Speaker1: And it keeps you motivated as a woman. There is there are very few things that feel as good as like a really awesome weightlifting workout where I leave that gym or that space feeling stronger and empowered. And that's that's, I think, a really cool part of, you know, Sammy asked me, what does our marketing director, what does Radiant Woman mean to you when we were marketing it and it's like, I just keep coming back to strong, you know, I don't know if men feel that way, but as women like we do, we want to feel and look strong. It's important.


Speaker2: Yeah. You know, I tell both the female and male patients that I see that it matters the type of exercise you do.


Speaker1: Yeah. So what's wrong with pounding the pavement for 45 minutes with you? With your Nike's on? What's wrong with that? At a steady state?


Speaker2: I mean, we were all brought up in the, you know, the Ken Cooper era, the aerobic heart rate zone of 20 minus your age, 75, where you slog away there for 45 minutes. And I still go to the gym now. And, you know, you'll see folks on stair steppers, they look completely miserable. You know, some of them have a TV on just so they can bare the.


Speaker1: Agony or checking Instagram just to make the time go faster. Exactly.


Speaker2: But I'm going to get my hour in and I'm going to do that. And I'm going to I'm going to I'm going to do this range, which is is entirely inefficient as opposed to doing, you know, maybe something of a shorter duration, that's a more high intensity interval where you're going all out for a certain amount of time. You're recovering for a minute or so and you're repeating that like like these Tabata drills that we do, and you might do this two or three days a week, you're not going to be doing this every day. You've got to let yourself recover, combining that with good strength training so that you're with a group of people, somebody hopefully, that can monitor your form so you're not going to injure your back, your shoulders by lifting incorrectly and kind of looking at your technique. So I love cardio. That's been my bias. My whole.


Speaker1: Feels good. It just feels.


Speaker2: Good. It feels good. I hate resistance training and I do it sporadically. Full disclosure. But I know that it's probably one of the best ways to raise t. I'd much rather be out on a two mile or two hour mountain bike ride with with you and Sam or somebody else seeing God's nature out there, good earth. So we really have to combine. You know, so if you can get those anaerobic bursts and some joyful recreation of exercise combined with some high intensity interval cardio a few days a week with four days of resistance training, ideally this is the kind of exercise that regulates hormones. And I tell my guys and my women, it's not it's not doing this with a dumbbell. You know, it's not a single joint one muscle issue. You've got to have multiple joints involved, lots of muscle mass mass that you're recruiting in order to really get the stimulation that you're looking at for hormone.


Speaker1: Balance and the metabolic benefits and the.


Speaker2: Metabolic.


Speaker1: Benefits as well. Yeah. Where do things like I know a lot of my girlfriends and my patients love yoga, you know, or Pilates, some of the more gentle stuff. Does that play a role in balancing hormones?

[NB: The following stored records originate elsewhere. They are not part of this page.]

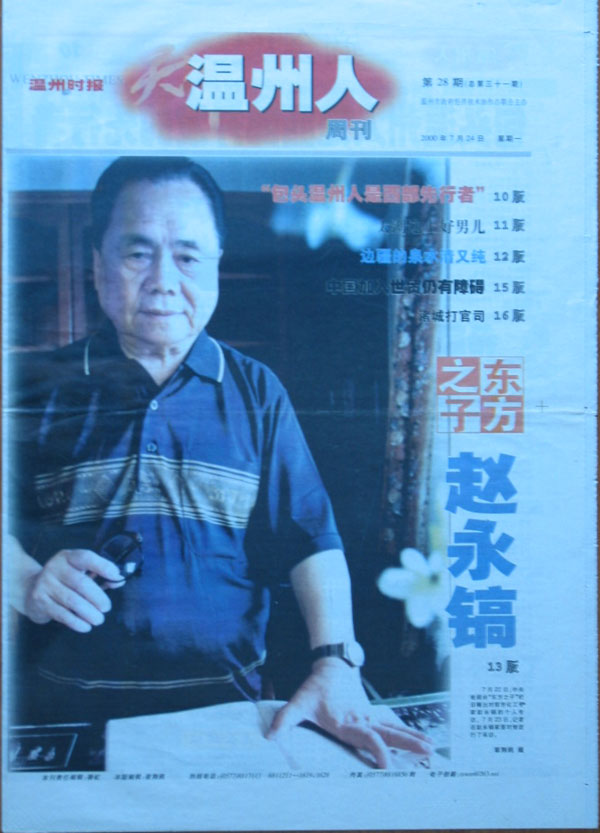 中央电视台新闻联播“东方之子”专栏播出了“化工专家赵永镐的先进事迹”,在温州引起了轰动。温州媒体纷纷进行报道,《温州时报》还整版报道了“东方之子”:化工专家赵永镐的先进事迹,并且发布了赵永镐的大幅照片。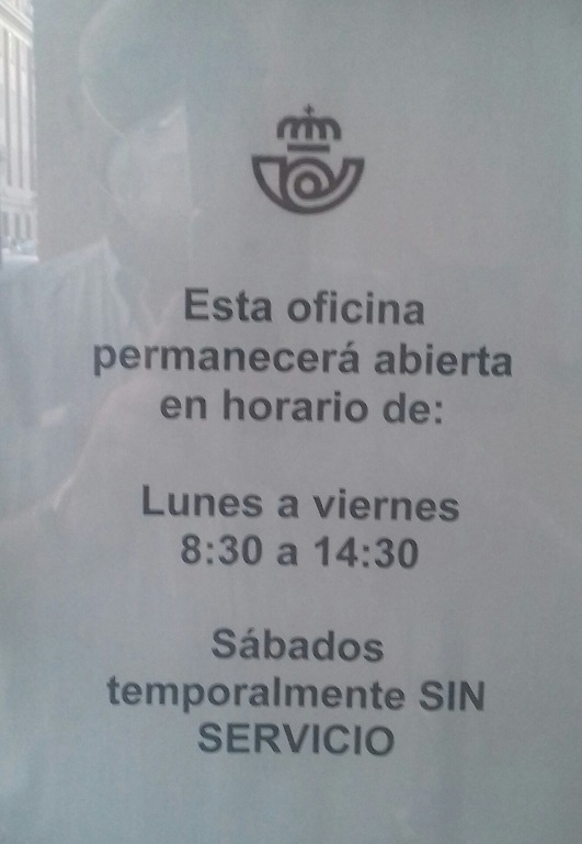 A la vista de estos carteles, he llamado a la oficina, y la respuesta ha sido de lo más sangrante: me indica el empleado con quien hablo que lo más probable es, que para los pocos días que quedan, se aplicará directamente el horario de verano: lunes a viernes. de 8.30 a 14.30, sin servicio los sábados y vigente durante los meses de Julio, Agosto y Septiembre (horario totalmente incompatible para todos los que hemos de acudir a nuestro puesto de trabajo), por lo que la atención en horario de tarde y sábados se reiniciará a primeros de Octubre, por lo que ya veré como me las ingenio......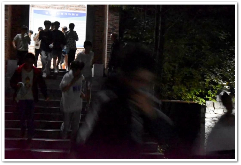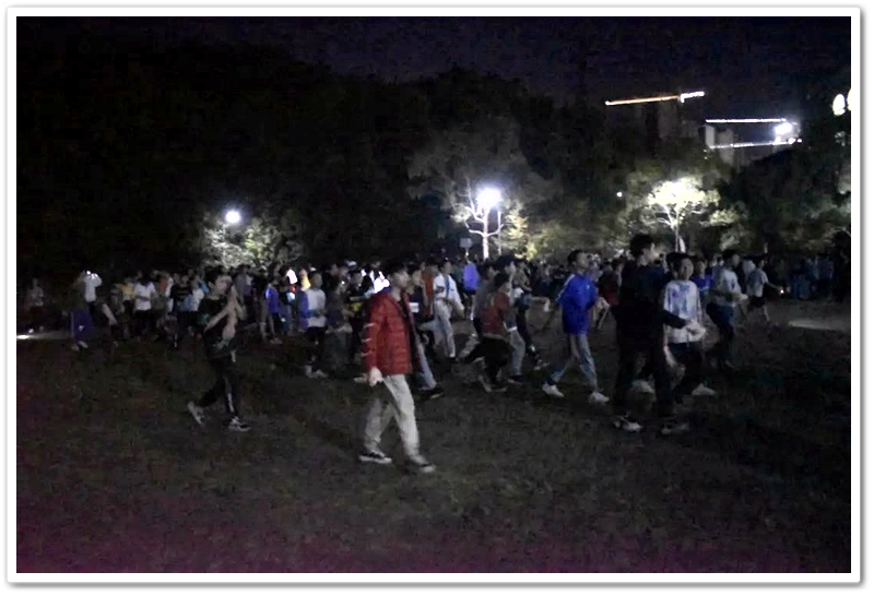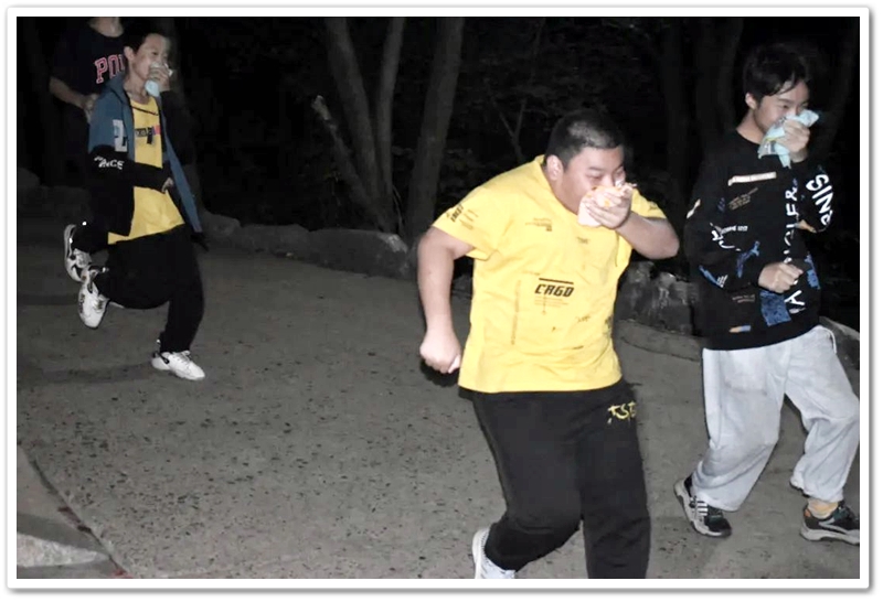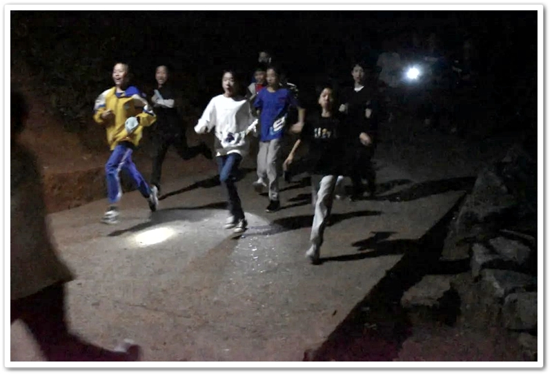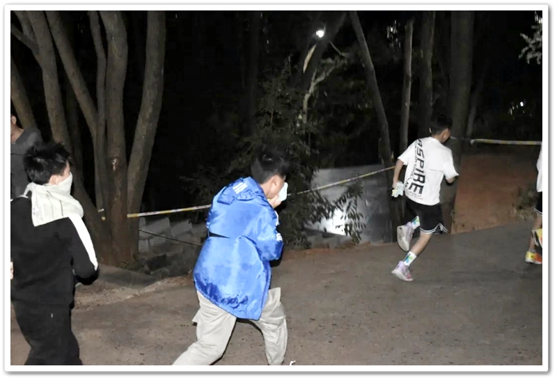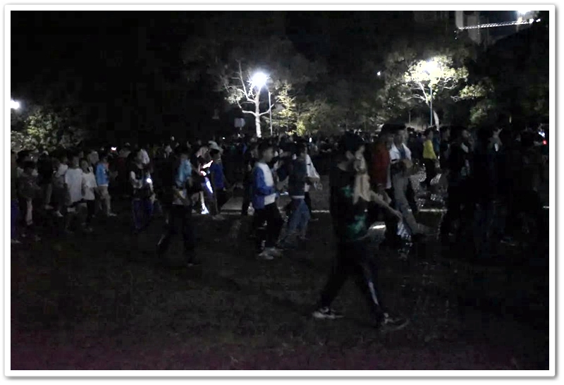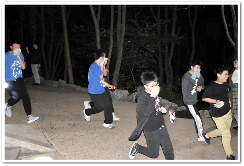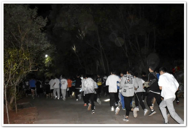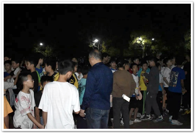 第二轮模拟深夜熄灯演练,前栋学生抵达正源广场完成疏散集结耗时3分12秒,后栋学生抵达半山亭完成疏散集结耗时3分3秒。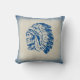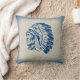 Silhouette bleue d'un chef indien entouré par un cadre vintage bleu fané.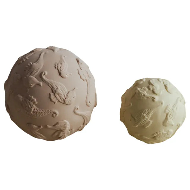 Playful and fun bath time for little hands! Let your little one explore, play and develope senses with this playful Natruba bath set. The set comes on a set of two different sized balls with a bell in each for playfully stimulating the sense of hearing. The little sized ball is easy to grip for even the tiniest hands. The soft natural rubber and the playful ocean inspired pattern and the balls encourage sensory play and develop senses in a conforting , stylish, and playful way.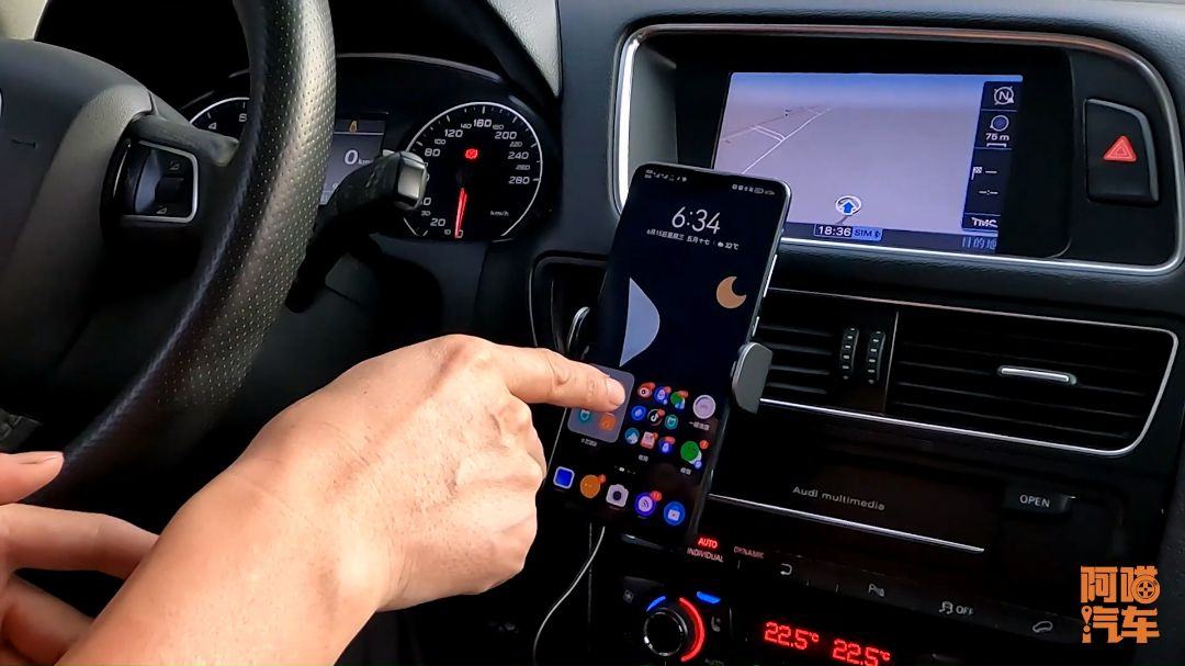 因?yàn)閺奈铱拷囎娱_始,車子自動(dòng)解鎖,然后我上車之后,我手機(jī)往車上一扣,這個(gè)時(shí)候,我手機(jī)上的軟件,就直接同步到車機(jī)上面去了。

Speaker2: You know, it's a great question, and I can actually speak to that experience lately because my wife's gotten me to finally go with her.


Speaker1: Yay!


Speaker2: I love it. It's it's wonderful. I love I love the gal that teaches it. I can't do half the stuff she does, but I try. The yoga aspect of this is just amazing because of what it does. I feel for the mind body. In addition to just overall conditioning, the stretching, the holding of the poses that are not necessarily something you do in an everyday activity and the learning how to use your breath.


Speaker1: Yes. Cortisol. Breathwork.


Speaker2: Oh my goodness.


Speaker1: Oh man. Meditation. So you're forced to do it? Yeah. Doing yoga? Yeah.


Speaker2: It's kind of a moving yoga. It's moving meditation, right? It's say it's an opportunity to increase this vagal tone. Get out of our heads. I love going there at 530 or six after work.


Speaker1: Oh, yeah.


Speaker2: Because by the time you get home, you're just like, you feel like you've had a massage. You just in la la land. It's wonderful.


Speaker1: Yeah, well, the mobility aspect of injury prevention, when we are doing our mountain biking and our lifting of weights and stuff too, there's there's good data there that how much that prevents us as we age, especially from overuse injuries. Yes, it's huge. I kind of would like to shift a little in and nerd out a little bit with some of the cell signals. Cell signaling protein treatment for supporting cortisol, hormonal dysfunction, recovery, libido, that's, you know, improving lean muscle mass. Right. Again, as a woman in our late thirties, trying to just age gracefully. Yes. So what what are we learning in functional medicine? What are we implementing?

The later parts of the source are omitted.